Client side rendering vs. server side rendering
Hopefully you’ve been reading some Technically in your free time, and you’re familiar with the client-server model. It’s how the whole web works: companies host their websites and apps on fancy, powerful servers, and you download files from those servers to look at in your browser. When these files are dynamic, their content changes based on who’s logged in, what’s going on, what screen you’re on, and stuff like that. This section is about how that actually happens.
When an app or website needs to send you dynamic content, there are (surprise!) two places they can create that content: on the server side, or on the client side. The server side means they populate and configure the page before they send it to you; the client side means they send you the basic HTML, and the dynamic logic happens in your browser.

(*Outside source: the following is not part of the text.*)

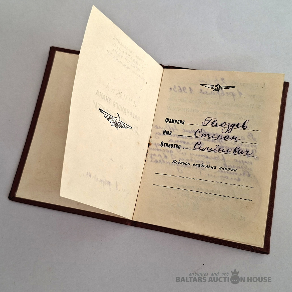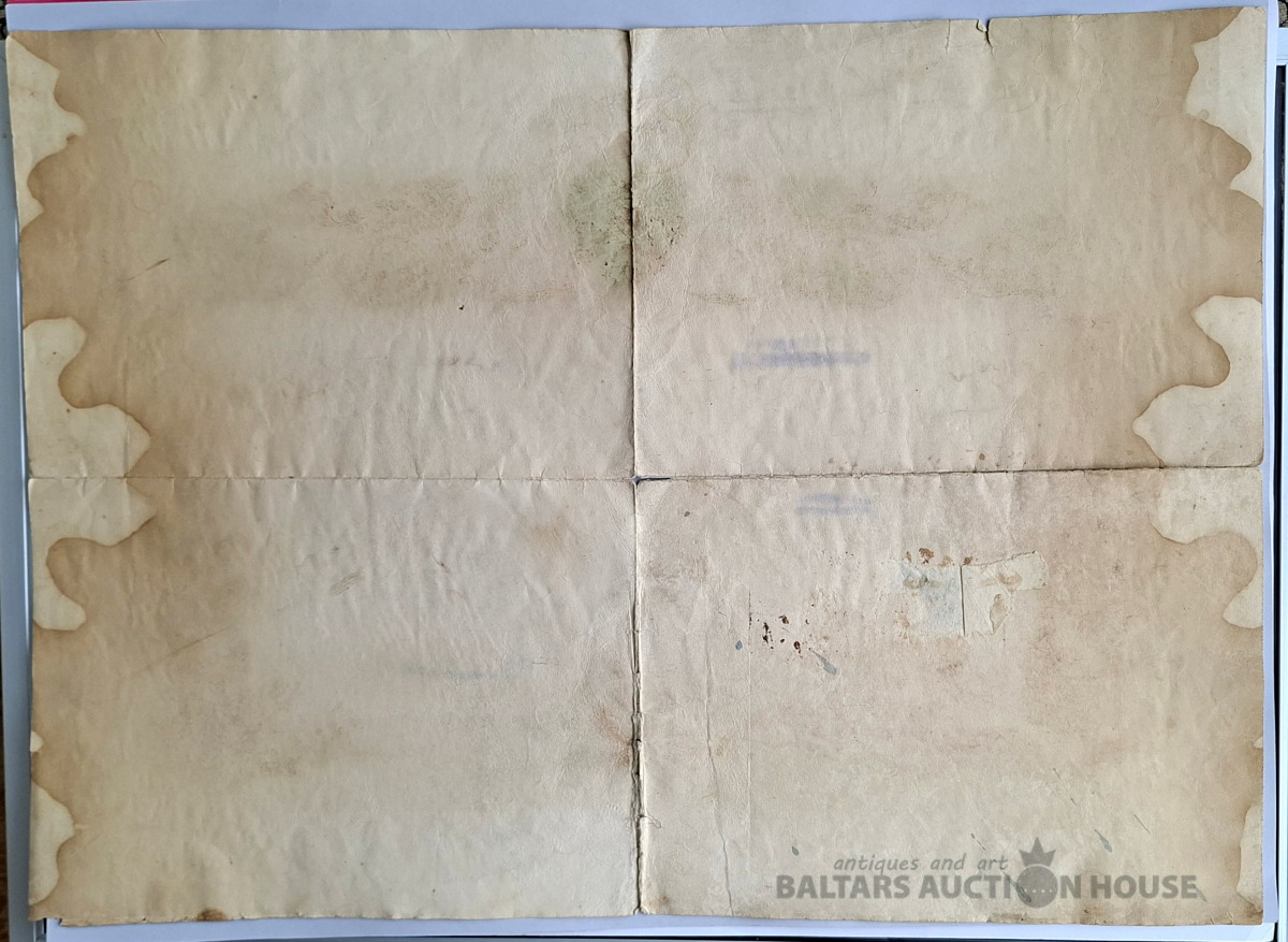 Šis priekšmets ir vēsturisks dokuments no Krievijas impērijas, acīmredzot amatnieka apliecība par meistara titula iegūšanu. Objekta veids: Antīks papīrs, vēsturisks dokuments vai harta. Saturs: Teksts apstiprina pārbaudījumu nokārtošanu un meistara titula iegūšanu, piešķirot likumīgas tiesības praktizēt amatu. Dizains: Dokuments ir dekorēts ar Krievijas impērijas valsts emblēmu (divgalvainais ērglis) un 20. gadsimta sākumam raksturīgiem mākslinieciskiem elementiem. Stāvoklis: Dokumentam ir redzamas vecuma pazīmes, tostarp locījuma radītas krokas.

In practice, the difference is in where the backend logic happens: all on the server, or mostly in the browser calling APIs on the server.
The benefit of doing things server side – in a lot of cases, it’s faster. That’s because files only need to make one trip – from the server to you – as opposed to Javascript in your browser hitting multiple APIs on the server over time to load one page.

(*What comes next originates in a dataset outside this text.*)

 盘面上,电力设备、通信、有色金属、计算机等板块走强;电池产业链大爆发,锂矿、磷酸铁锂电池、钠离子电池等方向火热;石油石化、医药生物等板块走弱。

The benefit of doing things client side – you don’t need to reload the same HTML and other boilerplate stuff every time you load a page; all that needs to change is the dynamic parts of whatever you’re loading.

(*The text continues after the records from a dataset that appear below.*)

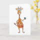This is an original mixed media painting of a happy, whimsical giraffe drinking coffee.
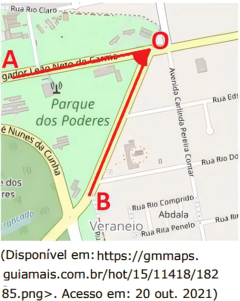 MatemáticaUFMS2021No fragmento do mapa do Parque dos Poderes, os segmentos de reta AOe OB são tais que med(AO) = med(OB) = 800 m, sendo o ângulo AÔB = 60°.
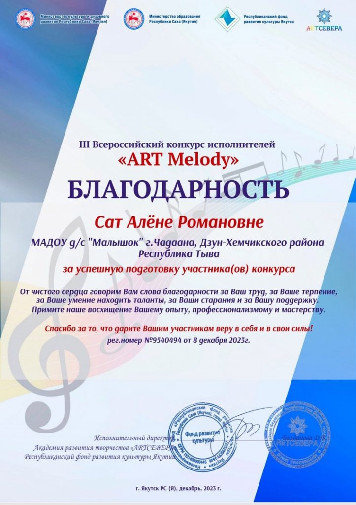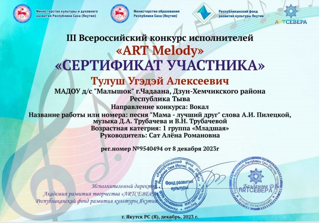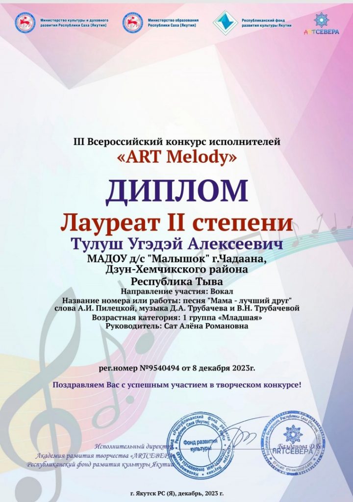 без рубрики 06.01.2024 / Воспитанник подготовительной к школе группы «Любознайки» Тулуш Угэдэй стал лауреатом II степени на III Всероссийском конкурсе исполнителей «ART Melody» . Наши поздравления!!!

Traditionally, server side rendering was the dominant form of building web applications. But as Javascript has gotten better and web apps have gotten more complicated, client side rendering is getting more popular, to the point where it’s now pretty much the default for most tech startups building their stuff from scratch. React is the poster child of that movement.
(Nowadays, things aren’t completely black and white: a new class of applications is combining server side and client side rendering into hybrid models that take advantage of the benefits of both.)